After a big group lunch, it was once again time to load up into the van and head out. In my humble opinon, the next stop was rather pointless, as we pulled over just to catch a glimpse of the Burmese border. We were told that we could pay a small fee to step into the country and get our passports stamped. Personally, if I’m going to visit a country, I’d actually like to visit it, and I don’t see the allure in simply getting a stamp. Oh well…

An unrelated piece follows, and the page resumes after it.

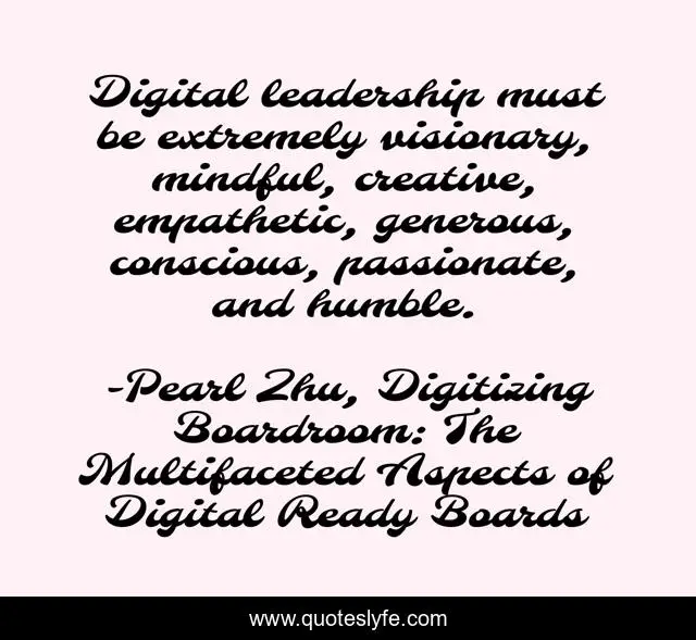 This page presents the quote "Digital leadership must be extremely visionary, mindful, creative, empathetic, generous, conscious, passionate, and humble.". Author of this quote is Pearl Zhu, Digitizing Boardroom: The Multifaceted Aspects of Digital Ready Boards. This quote is about leadership, boards, digital,.

Last up, we visited a “Longneck Village,” which was out in the Chiang Rai countryside. The small village is inhabited by the Padaung, a sub-group of the Karen hill tribe who escaped from Burma to Thailand in the mid 1900’s and are actually political refugees. They are called “long necks” as the women wear brass rings on their necks, thus distorting their collarbones and making them look as if they have long necks. Young girls begin wearing these rings around age 5 or 6, and some women will come to have up to 20 rings. While I was hoping for an interesting cultural experience, what I got was more of a “culture zoo,” as the village is constantly flooded with tourists and the many shacks along the way simply serve as handicraft shops. Although I felt bad for the women there, I had to remind myself that they certainly make a better living by opening up their village to tourists than they would working in the fields, and they are at least somewhat protected in this environment. It was a bit of a downer-note to end the day trip on, but then again we were dead tired and ready to head back to Chiang Mai either way. Even though the white temple was an amazing sight and the Golden Triangle was interesting, I would advise fellow travelers to skip over day trips like these while visiting Thailand. Live and learn, I guess!